It was like the rug had been pulled out from under the family’s feet. “My father was so shocked, because there were nine kids to support, my mum wasn’t working, she was a housewife… it was a shock to him, where to get a job.” He was offered an opportunity to relocate the entire family to London, where he could continue working for the military, but Nazira’s mother — who couldn’t speak English — refused to leave Singapore. He worked for the New Zealand army for awhile, since they were still maintaining a presence on the island, but that job fell through too. The family’s fortunes declined. Nazira’s father’s health deteriorated, and he had a stroke that left him unable to work. He died when she was 16 years old.
The family plunged from their comfortable life into extreme poverty. “We were very, very poor, extremely poor, at that time. We struggled, my family worked very hard,” Nazira recalls. Her mother, who’d been a housewife throughout her marriage, became a washerwoman, taking on multiple jobs at a time. Nazira left school after her O Levels and started working two jobs, taking on shifts as a waitress. “My mum used to tell us, ‘Go out and work, don’t stay at home.’ We were trained not to sit down at home doing nothing.”
Multiple jobs left little time for quality family time. Focused on ensuring that there was food on the table for the little ones, Nazira’s mother had no time for her older children. “We were like strays, you know?” Nazira said. “My mother didn’t [have time to] bother [with us] because my mother worked very hard. Then the family became disintegrated.”

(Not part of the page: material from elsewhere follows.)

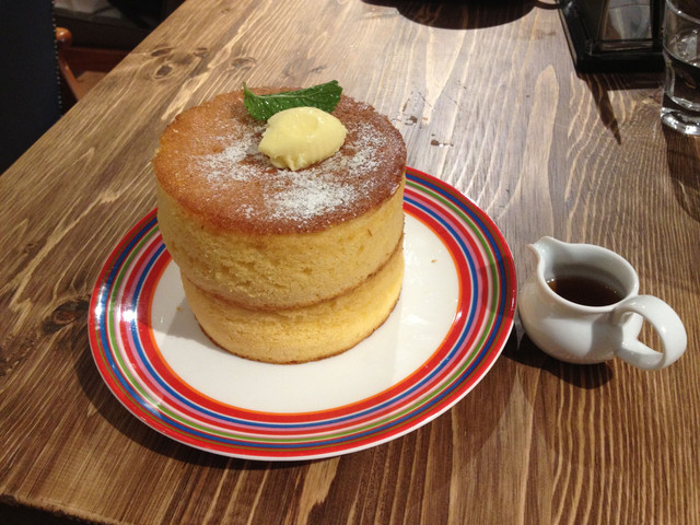 比起平常常見的鬆餅,這裡的主打是pancake類的薄煎餅,還有一款台灣限定的「舒芙蕾厚鬆餅」。單層和雙層只差$30,當然要點雙層。雖然菜單上說要等約20分鐘,不過因為人尚未很多,實際上等不到15分鐘就上菜了。

Nazeri was hardly home. From the way Nazira describes it, there wasn’t very much to return home to: “There [was] no love in the family. My mum used to beat him... I remember those days, he kena whack by my eldest brother.... I mean it’s so sad lah, our upbringing... because of poverty, there’s no love, come back kena beat kena wallop, there’s no food on the table... it [was] so depressing at that time.” Her eyes fill with tears. “Frankly speaking, sometimes... I always pray that I [can] erase this out of my mind. Because it's a trauma for my family.”
To escape this, Nazeri stayed away, choosing to spend time with his friends instead. It wasn’t clear to any of the family what he got up to. They only found out that he had developed an addiction to drugs when he got caught. It turned out that he’d been using drugs since he was 14 years old.

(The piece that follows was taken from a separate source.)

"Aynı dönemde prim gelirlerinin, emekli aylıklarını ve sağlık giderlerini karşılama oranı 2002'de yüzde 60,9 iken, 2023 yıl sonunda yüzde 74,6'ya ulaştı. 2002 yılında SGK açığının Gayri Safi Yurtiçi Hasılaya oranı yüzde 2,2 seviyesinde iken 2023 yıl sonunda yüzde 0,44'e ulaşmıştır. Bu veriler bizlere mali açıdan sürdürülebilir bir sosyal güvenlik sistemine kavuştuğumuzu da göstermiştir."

Singapore’s “zero tolerance” for drugs
Nazeri began his drug use at a time when the Singapore government was growing more determined to stamp drugs out on the island. In 1973 — a year after a teenage Nazeri started using methaqualone, known as Quaaludes in the US but referred to in 1970s Singapore as MX pills — Parliament passed the Misuse of Drugs Act, which consolidated the Dangerous Drugs Act 1951 and the Drugs (Prevention of Misuse) Act 1969, and set out a harsher stance against drug offences. “[We] have here some quite big-time traffickers and their pedlars moving around the Republic selling their evil goods and corrupting the lives of all those who succumb to them. They and their trade must be stopped. To do this effectively, heavy penalties have to be provided for trafficking,” declared then-Minister for Home Affairs, Chua Sian Chin, during the second reading of the Misuse of Drugs Bill in February 1973.
Under the Misuse of Drugs Act in 1973, trafficking a Class A drug like heroin or opium would attract a penalty of 20 years’ imprisonment, a $40,000 fine, or both, with 10 strokes of the cane added for good measure. But the legislation stopped short of capital punishment. As Chua said: “To act as an effective deterrent, the punishment provided for an offence of this nature must be decidedly heavy. We have, therefore, expressly provided minimum penalties and the rotan for trafficking. However, we have not gone as far as some countries which impose the death penalty for drug trafficking.”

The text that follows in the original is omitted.